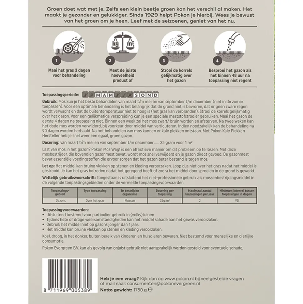 Pokon Mos Weg helpt om mos in het gazon snel en effectief te bestrijden. Dit product bevat niet alleen een mosbestrijder, maar ook gazonmest. Zo wordt het mos verwijderd én krijgt het gras direct de juiste voedingsstoffen om sterker te groeien. Voor het beste resultaat behandel je het gazon in het voor- of najaar, wanneer de bodem niet bevroren is en er geen zware regen wordt verwacht. Binnen een week verkleurt het mos en sterft het af. Na twee weken kun je het dode mos eenvoudig verwijderen door te verticuteren. Indien nodig kun je de behandeling na 90 dagen herhalen.
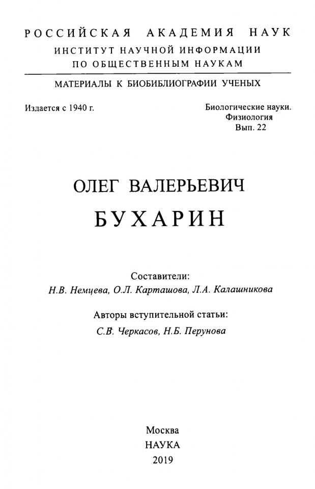 Олег Валерьевич Бухарин / Российская академия наук [и др.] ; авторы вступительной статьи: С. В. Черкасова, Н. Б. Перунова ; составители: Н. В. Немцева, О. Л. Карташова, Л. А. Калашникова. - Москва : Наука, 2019. - 161. - (Биобиблиография ученых) (Материалы к биобиблиографии ученых. Биологические науки. Физиология ; вып. 22).
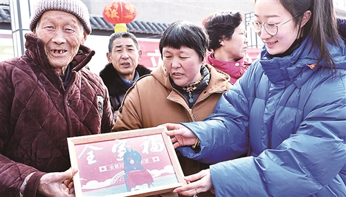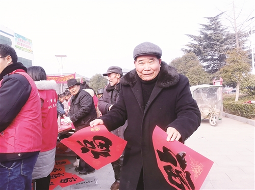 村民在活動(dòng)現(xiàn)場領(lǐng)到新春福字。
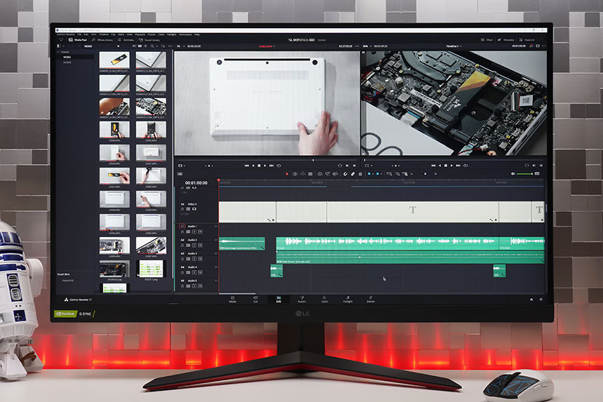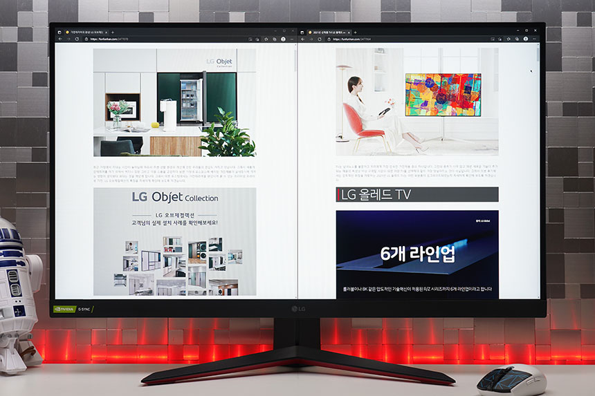LG 울트라기어 32GP850에는 DCI-P3 98%, sRGB 135%를 만족하는 나노 IPS 디스플레이가 탑재되었습니다. 그래서 사진이나 동영상을 편집하는 용도로도 만족스러운 수준의 성능을 제공합니다.
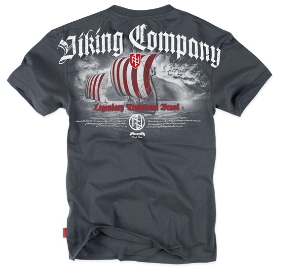 Koszulka męska z krótkim rękawem wykonana z wysokogatunkowej bawełny. Koszulka w standardowym fasonie, materiał to 100% bawełny o gramaturze 200 g. Na lewej piersi wyhaftowany znak tarczy z symbolami runicznymi. Na plecach koszulki duży napis Viking Company oraz grafika przedstawiająca okręty wikingów.
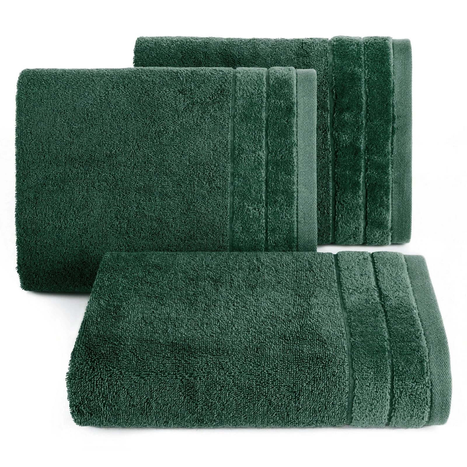 Elegancki ręcznik z delikatnej i bardzo chłonnej tkaniny frotte, jednokolorowy. Krawędzie zdobione subtelną bordiurą z welwetu. Łatwy w praniu, trwałe kolory. szerokość: 70 cm, długość: 140 cm, kolor: butelkowy zielony, Gramatura: 500 GSM, Skład: 100% bawełna
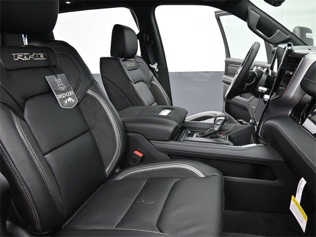 Quick Order Package 22Y RHO, RHO Level 1 Equipment Group (12-Way/1-Way Trailer Connector, 14.4 Touchscreen Display, 240 Amp Alternator, 4G LTE Wi-Fi Hot Spot, Connected Travel and Traffic Services, Connectivity - US/Canada, Disassociated Touchscreen Display, Driver Power Seat Back Massage, Driver Seat Memory, Driver/Passenger Wrapped Assist Handles, Drowsy Driver Detection, Dual Wireless Charging Pad, Evasive Steer Assist, Exterior Mirrors with Memory, Front Passenger Interactive Display, Front Passenger Power Seat Back Massage, Full Length Premium Upgraded Floor Console, GPS Navigation, Hands-Free Active Driving Assist System, Harman/Kardon 19 Speaker Premium Sound, HD Radio, Heads-Up Display, Heated Second Row Seats, Integrated Center Stack Radio, Integrated Voice Command with Bluetooth®, Intersection Collision Assist System, Leather/Carbon Flat-Bottom Steering Wheel, LED CHMSL Lamp, Luxury Front Door Trim Panel, Power Adjustable Pedals with Memory, Power Tailgate, Premium Wrapped Instrument Panel Bezel, Radio: Uconnect 5 Nav with 14.4 Display, Radio/Driver Seat/Mirrors/Pedals Memory, Rain Sensitive Windshield Wipers, Real Carbon Fiber Interior Accents, Rear 60/40 Folding Split Recline Seat, SiriusXM Radio Service, Smartphone as a Key Capable, Surround View Camera System, Traffic Sign Recognition, USB Host Flip, Ventilated Front Seats, and Ventilated Rear Seats), Towing Technology Group (Trailer Hitch Line-Up Assist and Trailer Reverse Guidance), Trailer Tow Group (Trailer Reverse Steering Control and Trailer Tire Pressure Monitoring System), 10 Speakers, 3.92 Rear Axle Ratio, 4-Wheel Disc Brakes, ABS brakes, Adaptive suspension, Adjustable pedals, Air Conditioning, Alloy wheels, AM/FM radio, Apple CarPlay/Android Auto, Auto High-beam Headlights, Auto Power-Folding Mirrors, Auto-dimming door mirrors, Auto-Dimming Exterior Driver Mirror, Auto-Dimming Exterior Passenger Mirror, Auto-dimming Rear-View mirror, Automatic temperature control, Black Exterior Mirrors, Black Power-Fold Trailer Tow Mirrors, Brake assist, Compass, Delay-off headlights, Dome Dual LED Reading Lamp, Driver door bin, Driver vanity mirror, Dual front impact airbags, Dual front side impact airbags, Dual-Pane Panoramic Sunroof, Electronic Stability Control, Exterior Mirrors Courtesy Lamps, Exterior Mirrors with Heating Element, Exterior Mirrors with Supplemental Signals, Exterior Parking Camera Rear, Flareside Box, Forward and Reverse Utility Lights, Front anti-roll bar, Front Bucket Seats, Front Center Armrest w/Storage, Front dual zone A/C, Front fog lights, Front reading lights, Front wheel independent suspension, Fully automatic headlights, Garage door transmitter, Heated door mirrors, Heated front seats, Heated steering wheel, Illuminated entry, Leather Shift Knob, Leather steering wheel, Leather Trimmed Bucket Seats, Low tire pressure warning, Manufacturer's Statement of Origin, Mirror Clearance/Running Lights, MOPAR RHO Hood Graphics, MOPAR Rock Rails, MyFlexCare Service Plan, Navigation System, Occupant sensing airbag, Outside temperature display, Overhead airbag, Overhead console, Panic alarm, Passenger door bin, Passenger vanity mirror, Power door mirrors, Power driver seat, Power passenger seat, Power steering, Power Telescoping Mirrors, Power windows, Power-Adjustable Convex Aux Mirrors, Radio data system, Radio: Uconnect 5 Navigation with 12.0 Display, Rear reading lights, Rear seat center armrest, Rear step bumper, Rear window defroster, Remote k
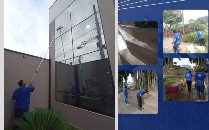Serviços de terceirização de faxinas, Limpeza de pisos, de vidros, limpezas residenciais, comerciais, prediais, indústrias, limpezas de fachadas, placa solares, caixa d’água, placas de ACM entre outros tipos de limpezas especializadas.
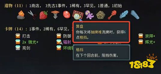 作用:全程卡组里只有一张防御牌,没有任何其他格挡牌,完全靠算盘或转盘来刷循环。
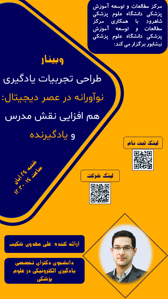 برگزاری وبینار طراحی تجربیات یادگیری نوآورانه در عصر دیجیتال: هم افزایی نقش مدرس و یادگیرنده گروه خبری : کد خبر : 163588 لینک کوتاه کلید واژه
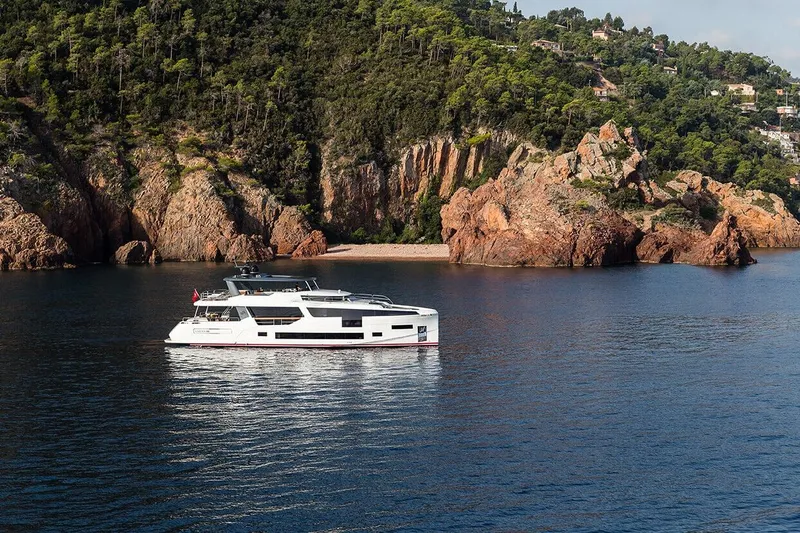 Sirena 88' 5 cabins version including owner's cabin forward on main deck providing a panoramic view and a private folding balcony and a direct access to the foredeck. The innovative swimming platform can be transformed to a waterside beach club. This unit designed by German Frers offers very versitile performances with a transoceanic range of 2500MN at 10 knots and a top speed reaching 25 knots.
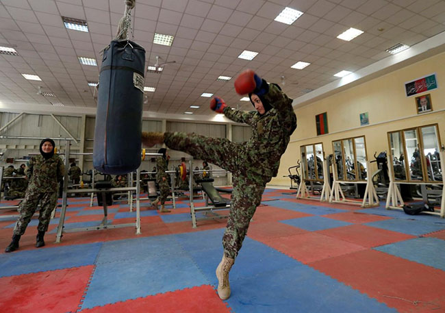 Fatima Rezai, 21, a female officer from the Afghan National Army (ANA) practices with a punching bag during an exercise session at at the Kabul Military Training Centre.
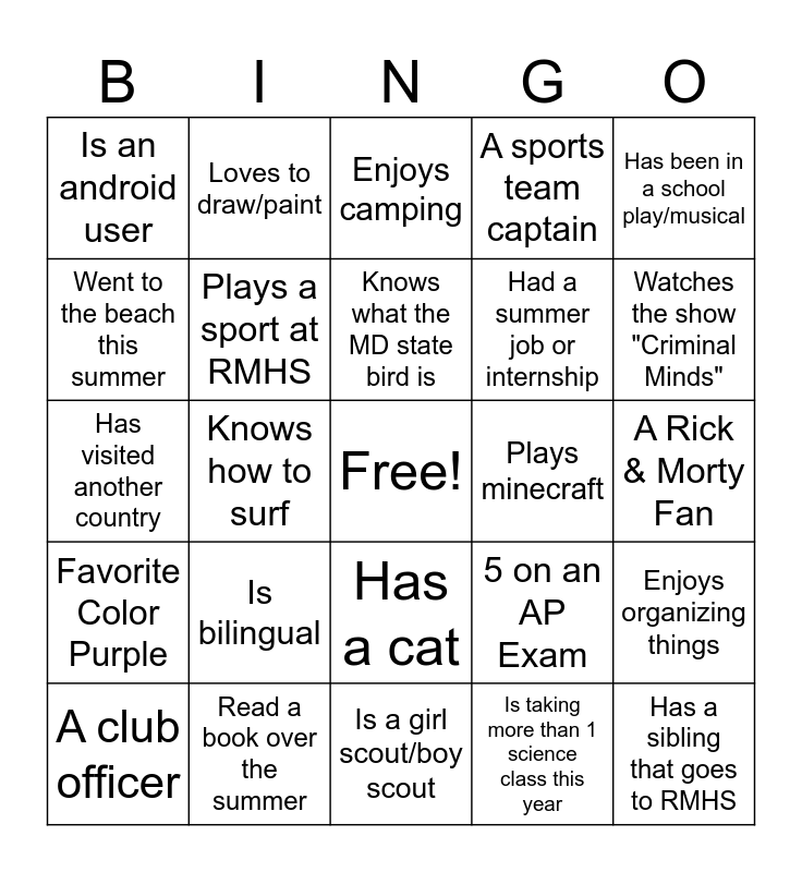 This bingo card has a free space and 29 words: A club officer, Flew on an airplane this summer, Knows how to surf, A chorus, band, or orchestra member, Is an android user, Enjoys camping, Plays a sport at RMHS, Is bilingual, Plays minecraft, Read a book over the summer, A Rick & Morty Fan, Has a sibling that goes to RMHS, Is a girl scout/boy scout, Is taking more than 1 science class this year, Watches the show "Criminal Minds", Loves Chipotle, Has a cat, Favorite Color Purple, Has been in a school play/musical, Has visited another country, 5 on an AP Exam, A spring sports athlete, Had a summer job or internship, Went to the beach this summer, A sports team captain, Loves to draw/paint, Enjoys organizing things, Knows what the MD state bird is and Enjoys baking as a hobby.
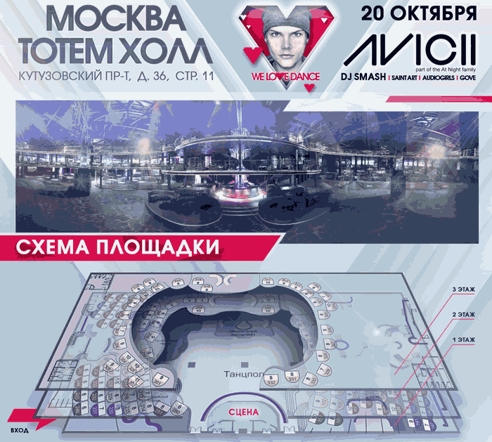 Итак, «Avicii-We Love Dance», Москва, 20 октября, Клуб «Totem Hall» (Тотем Холл) – самое жаркое событие этой осени, ну а купить билеты на ночную вечеринку «Avicii-We Love Dance» без наценки можно в РедКассе.
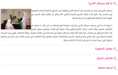 BCFE's mission is to promote breast health through breast cancer awareness. Website is developed in two languages (Arabic
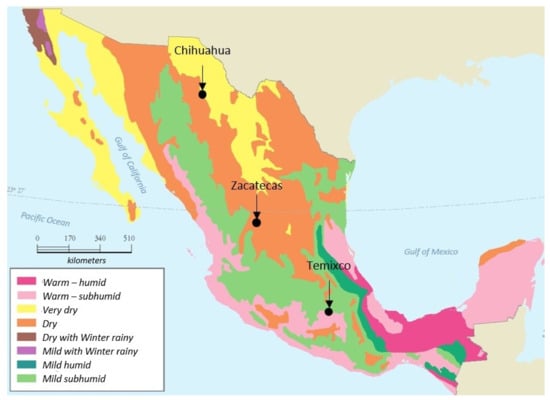 Data from three sites were analyzed, and at each site, there was an available weather station with specific characteristics. The studied sites were chosen based on their solar radiation potential, weather characteristics, and data availability. These meteorological stations were located in different cities of Mexico, namely: Chihuahua, Temixco, and Zacatecas. Figure 1 shows an approximate climate map of Mexico. This figure also shows the locations of the studied sites. Furthermore, Table 1 shows the precise location of the sites and their corresponding weather type. The main characteristics of measurement equipment of the meteorological stations are shown in Table 2.
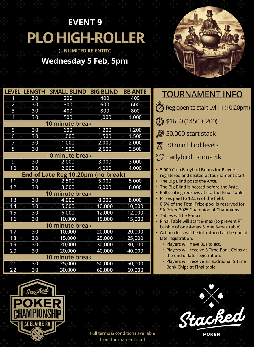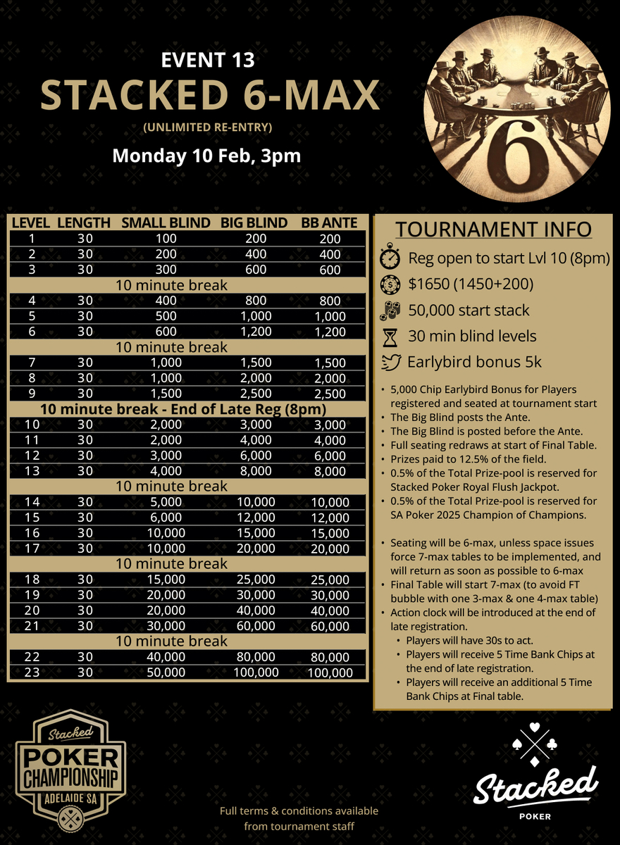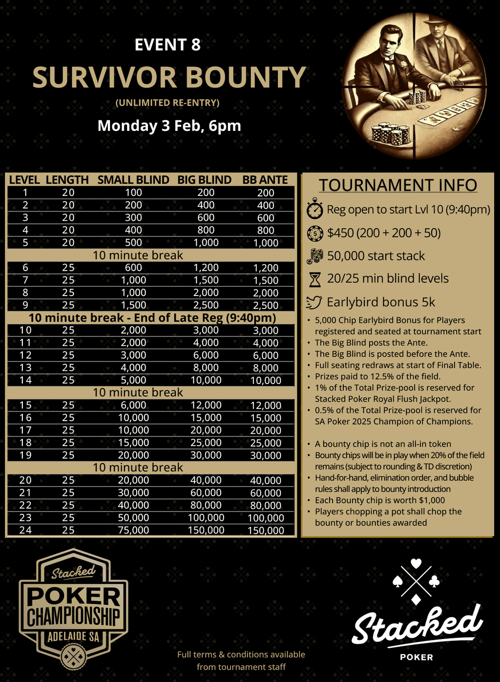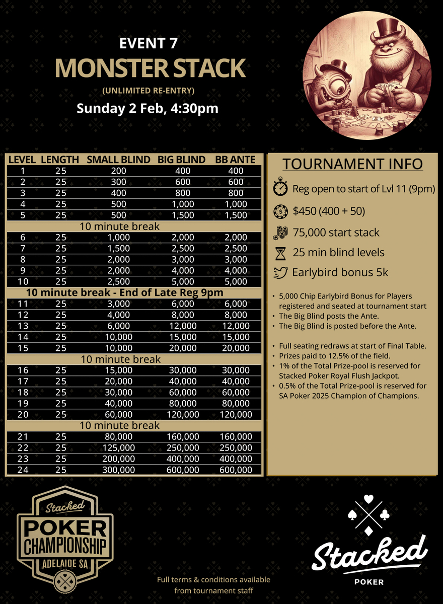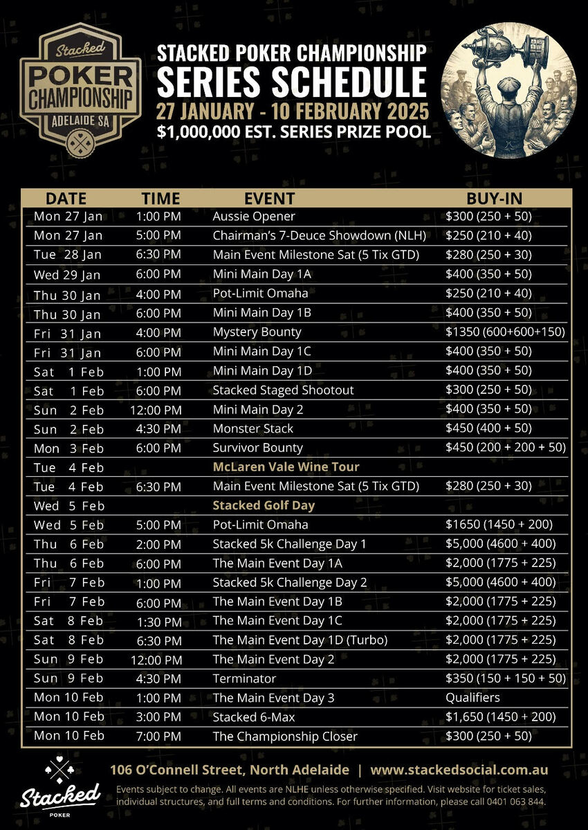 Mark your calendars for 16–29 October 2024 as the Stacked Poker Championship returns for 14 thrilling days of unforgettable gaming. Experience the excitement of the Aussie Opener, challenge yourself in the Stacked Staged Shootout, and showcase your strategy in the Chairman’s 7-Deuce Showdown and Survivor Bounty. Don’t miss out on this highly anticipated event!
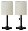 Searching for the perfect accent lamps to brighten up and illuminate your home? look no further than this set of 2 stylish table lamps! This set of 17" h contemporary table lamps features a sleek black metal neck and base and contrasting beige fabric cylinder drum shade, combined to create an inviting ambiance in an office, living room, or bedroom. Each accent lamp is equipped with a pull chain switch for makes it easy to turn them on and off with one quick click, while a USB port included on the base is ideal for charging your cell phone. Using a single bulb (not included) for a maximum output of 40W/120V and attached with a 6ft black cord, this set of decorative lamps provides a practical lighting solution when placed on your end or side table, console table, nightstand or bedside table. Made with quality materials, this set includes a 2-year limited warranty against any manufacturer's defects for a worry-free purchase.
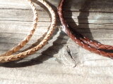 ネックレス部分には、しっかりと編み込まれた革紐を使用し、ナチュラルと焦茶の2色からお選びいただけます。
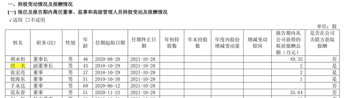 与此同时,在2020年年报中可以看到,曙光股份该年给宫大的税前报酬总额为2万元。而回避投票的张宏亮也为2万元,徐海东为1万元,于永达的报酬没有显示。

--*--

--- Exercise objective ---
Nothing except the lines from the one containing "Koszulka męska z" through the one containing "Elegancki ręcznik z" should appear in the answer, exactly as above and without pictures.

--- Answer section ---
 Koszulka męska z krótkim rękawem wykonana z wysokogatunkowej bawełny. Koszulka w standardowym fasonie, materiał to 100% bawełny o gramaturze 200 g. Na lewej piersi wyhaftowany znak tarczy z symbolami runicznymi. Na plecach koszulki duży napis Viking Company oraz grafika przedstawiająca okręty wikingów.
 Elegancki ręcznik z delikatnej i bardzo chłonnej tkaniny frotte, jednokolorowy. Krawędzie zdobione subtelną bordiurą z welwetu. Łatwy w praniu, trwałe kolory. szerokość: 70 cm, długość: 140 cm, kolor: butelkowy zielony, Gramatura: 500 GSM, Skład: 100% bawełna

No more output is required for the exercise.